Wednesday, May 25, 2011

Fourteen

by David Hajdu

Break out the guitar-shaped cake pans.

Today is Bob Dylan’s 70th birthday, an occasion that essayists, bloggers and magazine writers have been celebrating for weeks. Mr. Dylan surely deserves the attention, but he’s only one in a surprisingly large group of major pop-music artists born around the same time.

John Lennon would have turned 70 last October; Joan Baez had her 70th birthday in January; Paul Simon and George Clinton will reach 70 before the end of this year. Next year, the club of legendary pop septuagenarians will grow to include Paul McCartney, Aretha Franklin, Carole King, Brian Wilson and Lou Reed. Jimi Hendrix and Jerry Garcia would have also been 70 in 2012.

Perhaps this wave of 70th birthdays is mere coincidence. There are, after all, lots of notable people of all ages. But I suspect that the explanation for this striking cluster of musical talent lies in a critical fact of biography: all those artists turned 14 around 1955 and 1956, when rock ’n’ roll was first erupting. Those 14th birthdays were the truly historic ones.
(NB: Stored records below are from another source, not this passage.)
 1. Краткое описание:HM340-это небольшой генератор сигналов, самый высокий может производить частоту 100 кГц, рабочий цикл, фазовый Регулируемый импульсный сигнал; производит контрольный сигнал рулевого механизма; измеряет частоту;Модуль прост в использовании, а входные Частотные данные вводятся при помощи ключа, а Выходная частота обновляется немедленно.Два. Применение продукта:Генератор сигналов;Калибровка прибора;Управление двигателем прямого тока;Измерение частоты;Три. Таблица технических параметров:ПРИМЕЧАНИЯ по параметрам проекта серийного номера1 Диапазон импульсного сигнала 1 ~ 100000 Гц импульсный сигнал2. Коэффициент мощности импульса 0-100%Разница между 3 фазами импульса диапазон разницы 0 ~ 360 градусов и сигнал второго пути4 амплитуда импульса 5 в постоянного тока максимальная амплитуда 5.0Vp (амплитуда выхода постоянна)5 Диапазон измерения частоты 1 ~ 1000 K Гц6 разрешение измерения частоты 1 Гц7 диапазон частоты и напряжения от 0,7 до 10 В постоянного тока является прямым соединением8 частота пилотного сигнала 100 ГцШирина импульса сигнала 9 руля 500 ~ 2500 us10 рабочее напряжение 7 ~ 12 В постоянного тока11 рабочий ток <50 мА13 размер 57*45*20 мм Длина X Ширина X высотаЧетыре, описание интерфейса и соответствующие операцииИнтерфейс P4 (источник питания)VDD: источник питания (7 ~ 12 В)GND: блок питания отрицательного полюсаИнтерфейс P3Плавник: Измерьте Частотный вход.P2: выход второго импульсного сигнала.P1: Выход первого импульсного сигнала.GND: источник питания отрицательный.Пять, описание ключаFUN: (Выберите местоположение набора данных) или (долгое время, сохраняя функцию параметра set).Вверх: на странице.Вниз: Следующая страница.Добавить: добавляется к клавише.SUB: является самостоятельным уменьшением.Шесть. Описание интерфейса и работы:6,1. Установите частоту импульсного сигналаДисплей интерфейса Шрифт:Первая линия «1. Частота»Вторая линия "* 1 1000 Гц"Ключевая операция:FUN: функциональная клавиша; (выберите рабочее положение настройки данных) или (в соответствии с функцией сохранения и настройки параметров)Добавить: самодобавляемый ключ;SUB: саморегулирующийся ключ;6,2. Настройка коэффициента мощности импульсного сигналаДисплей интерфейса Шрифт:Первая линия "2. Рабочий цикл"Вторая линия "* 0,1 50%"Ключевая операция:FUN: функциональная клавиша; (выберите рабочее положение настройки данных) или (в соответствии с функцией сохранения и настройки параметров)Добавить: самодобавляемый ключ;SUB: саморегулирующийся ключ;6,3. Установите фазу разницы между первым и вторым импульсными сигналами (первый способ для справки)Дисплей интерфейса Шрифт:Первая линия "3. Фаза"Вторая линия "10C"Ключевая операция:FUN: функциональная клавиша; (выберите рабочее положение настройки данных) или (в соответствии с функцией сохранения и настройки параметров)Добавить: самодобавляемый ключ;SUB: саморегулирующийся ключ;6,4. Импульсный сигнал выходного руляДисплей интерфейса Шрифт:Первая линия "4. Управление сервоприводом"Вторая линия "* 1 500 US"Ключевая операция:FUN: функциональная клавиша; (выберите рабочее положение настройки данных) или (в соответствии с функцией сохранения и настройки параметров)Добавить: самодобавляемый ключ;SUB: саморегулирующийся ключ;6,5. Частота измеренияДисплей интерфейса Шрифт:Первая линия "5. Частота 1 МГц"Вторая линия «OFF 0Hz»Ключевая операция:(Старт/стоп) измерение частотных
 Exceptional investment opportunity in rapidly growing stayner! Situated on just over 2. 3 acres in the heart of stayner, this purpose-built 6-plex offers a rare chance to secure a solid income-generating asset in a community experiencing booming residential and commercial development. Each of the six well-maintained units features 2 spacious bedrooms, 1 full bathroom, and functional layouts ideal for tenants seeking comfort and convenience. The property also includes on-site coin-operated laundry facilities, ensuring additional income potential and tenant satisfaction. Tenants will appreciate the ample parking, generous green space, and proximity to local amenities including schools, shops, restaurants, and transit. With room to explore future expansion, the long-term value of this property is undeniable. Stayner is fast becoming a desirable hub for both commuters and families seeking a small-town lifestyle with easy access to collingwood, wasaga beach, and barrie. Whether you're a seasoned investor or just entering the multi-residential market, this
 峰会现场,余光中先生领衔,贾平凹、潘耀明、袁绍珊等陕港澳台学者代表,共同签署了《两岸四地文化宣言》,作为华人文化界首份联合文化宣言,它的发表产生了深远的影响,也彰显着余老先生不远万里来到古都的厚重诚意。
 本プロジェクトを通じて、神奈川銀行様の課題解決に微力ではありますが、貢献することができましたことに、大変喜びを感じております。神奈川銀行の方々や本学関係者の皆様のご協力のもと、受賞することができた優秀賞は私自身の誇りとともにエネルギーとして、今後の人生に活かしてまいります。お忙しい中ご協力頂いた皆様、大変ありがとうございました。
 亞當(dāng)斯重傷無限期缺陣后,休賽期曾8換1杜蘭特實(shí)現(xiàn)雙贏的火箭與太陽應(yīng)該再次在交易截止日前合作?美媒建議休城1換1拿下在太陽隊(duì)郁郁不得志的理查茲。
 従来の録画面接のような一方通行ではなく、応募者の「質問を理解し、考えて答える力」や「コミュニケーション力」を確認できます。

Fourteen is a formative age, especially for people growing up in social contexts framed by pop culture. You’re in the ninth grade, confronting the tyrannies of sex and adulthood, struggling to figure out what kind of adult you’d like to be, and you turn to the cultural products most important in your day as sources of cool — the capital of young life.

“Fourteen is a sort of magic age for the development of musical tastes,” says Daniel J. Levitin, a professor of psychology and the director of the Laboratory for Music Perception, Cognition and Expertise at McGill University. “Pubertal growth hormones make everything we’re experiencing, including music, seem very important. We’re just reaching a point in our cognitive development when we’re developing our own tastes. And musical tastes become a badge of identity.”